- Drums TPB (2016). Art by Raúl Allén.

Publication information
- Publisher: Image Comics
- Schedule: Monthly
- Format: Limited series
- Genre: Supernatural, Mystery, Horror, Zombies
- Publication date: May – September 2011
- No. of issues: 4
- Main character(s): FBI Agent Martin Irons Michelle Hernandez FBI Agent Poltz

Creative team
- Created by: El Torress, Abe Hernando
- Written by: El Torres
- Artist(s): Abe Hernando, Kwaichang Kraneo
- Colorist(s): Fran Gamboa
- Editor(s): Edward Sellner

Collected editions
- Drums (2016): ISBN 978-8416486380

= Drums (comics) =

Drums is a 2011 supernatural comic book limited series created by writer El Torres and artists Abe Hernando and Kwaichang Kraneo. Drums follows FBI special agent Martin Irons as sinister forces work against him while he investigates the mass homicide of practitioners at a Voodoo ceremony in Florida.

==Synopsis==
The series follows FBI agent Martin Irons, who is tasked with investigating the deaths of a large group of people during a Santeria ceremonial ritual in Florida. When one of the seemingly dead victims rises as a zombie, Irons must find out what exactly is going on and why.

==Development==
For the series, Torres brought in elements of several Afrocaribbean religions, mainly Cuban Santería, Brazilian Candomblé, Haitian Vodou, and New Orleans Voodoo. Torres admitted that they took liberties with the representations of these religions for "dramatic purposes" and that brought in other Afro-Caribbean religions to avoid the "well known" clichés about Voodoo.

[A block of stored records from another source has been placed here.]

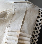 À l'avant deux bandes de mousseline ourlée sont renforcées par un large ourlet aux extrémités tuyautées.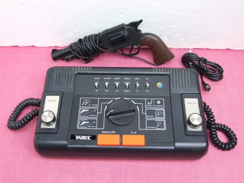 Intel TV Sport 3006 is a common Pong system that was sold under lots of different brands. It is almost the same like the Super Tele-Sport but with the 2 classic shooting games (includes a revolver). (1977)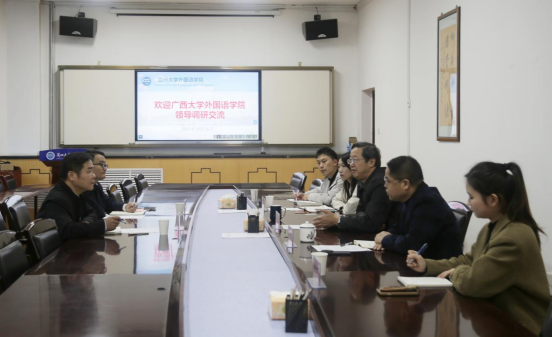 兰州大学公司党委书记芦小兵就公司党建工作、团队建设、人才培养等方面的基本情况进行了介绍,重点从推动党建与思想政治工作深度融合方面的探索与实践、课程思政建设、促进外语教学与价值引领有机统一、构建“三全育人”工作格局等方面介绍兰州大学太阳成集团tyc122cc的做法和经验。公司党委书记莫柏林介绍了公司在党建引领、课程改革及员工工作方面的做法,并希望以此次调研为契机,进一步深化两院之间的交流合作,共同探索外语学科育人与党建融合的新路径。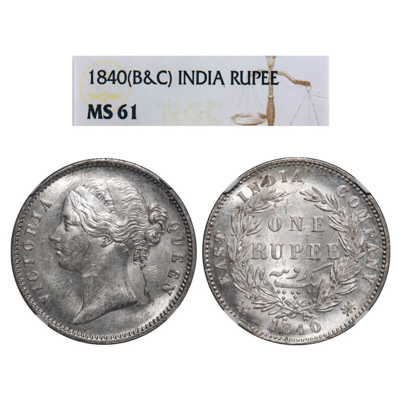 | Victoria Queen, Silver, Rupee, 1840, DL, Calcutta Mint, W.W. raised, Wreath with 28 Berries (13L + 15R), w/o serif pointing upwards, Numeral 4 with thin short cross bar, W.W. raised double strucked. F. Prid. Unlisted. GK Unlisted. NGC Slabbed MS 61. Very Rare. |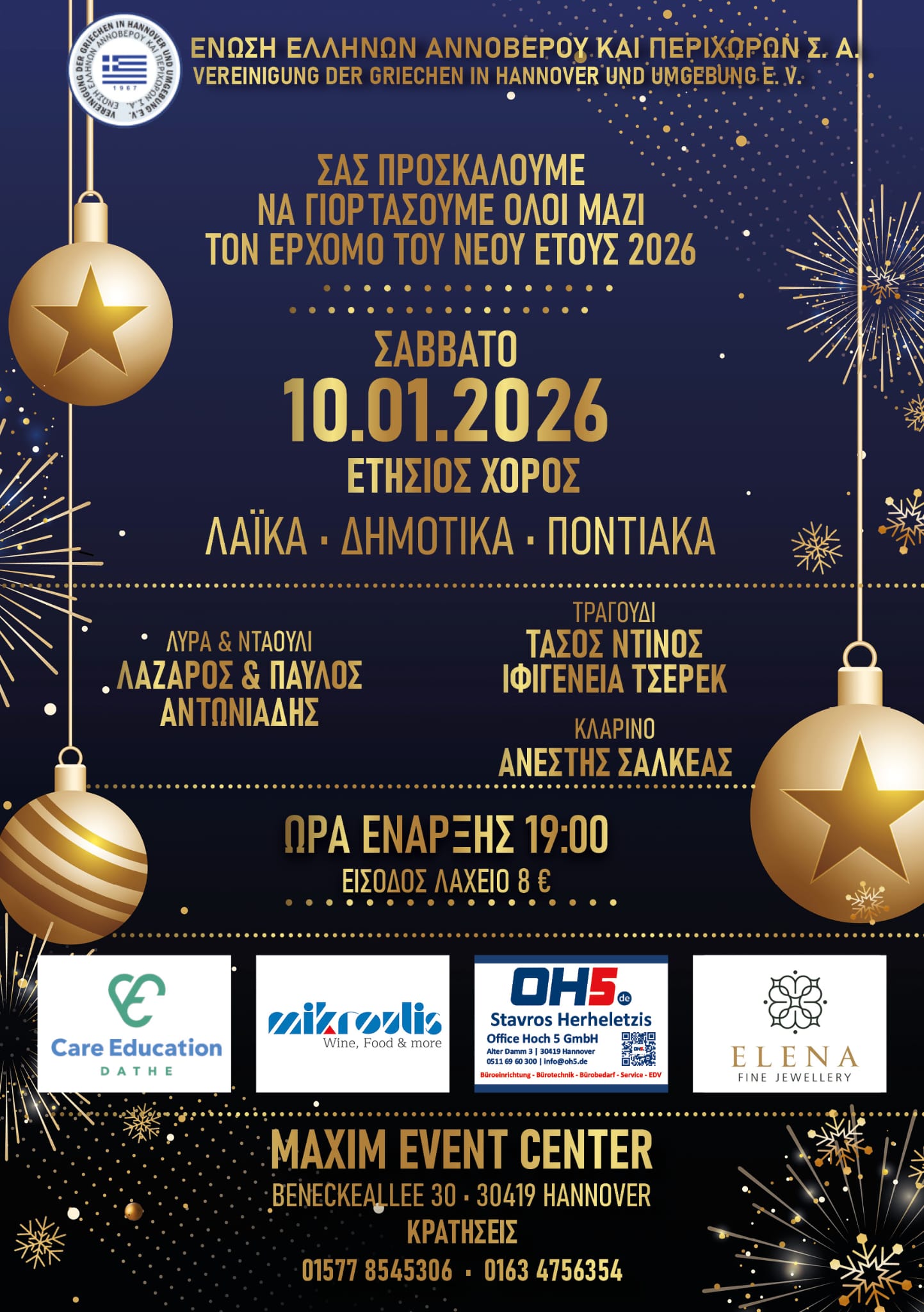 Το Ελληνικό Αθλητικό Σωματείο Ηρακλής Ελλάς Αννοβέρου εκφράζει τις θερμές του ευχαριστίες στα Μέλη και στους φιλάθλους του, για την αμέριστη συμπαράσταση και την υποστήριξη. Καλά Χριστούγεννα σε εσάς και την οικογένειά σας. Ας ελπίσουμε ότι το ξεκινημα της Νέας Χρονιάς να ειναι αφετηρία μίας δημιουργικής εποχής. Χρόνια πολλά και ευτυχισμένο το 2026.

In an interview with Bloody Disgusting, Torres states that Drums was inspired by his desire to do a modern twist of Voodoo zombies from the Golden and Silver age of comic books.

==Publication==
The series was published by Image Comics as four issues released from May to September 2011. A collected trade paperback edition was released by Amigo Comics in August 2016.

==Reception==
Critical reception for the series has been mixed, with Bloody Disgusting praising the first issue and CNN's Geek Out blog calling it one of the "best comics of the year". A reviewer for Nj.com stated that the "strength of the story is not in the presence of the supernatural though, it is the fact that the supernatural is presented as a tool. The spirits may be powerful, deadly, and evil, but without human help they have no power in our world". Broken Frontier called the comic "well crafted" but criticized that the story was "too familiar". CraveOnline also criticized the comic's familiarity, also citing that the artwork was "incredibly dull" and that the comic was "laid out like a bad SyFy movie".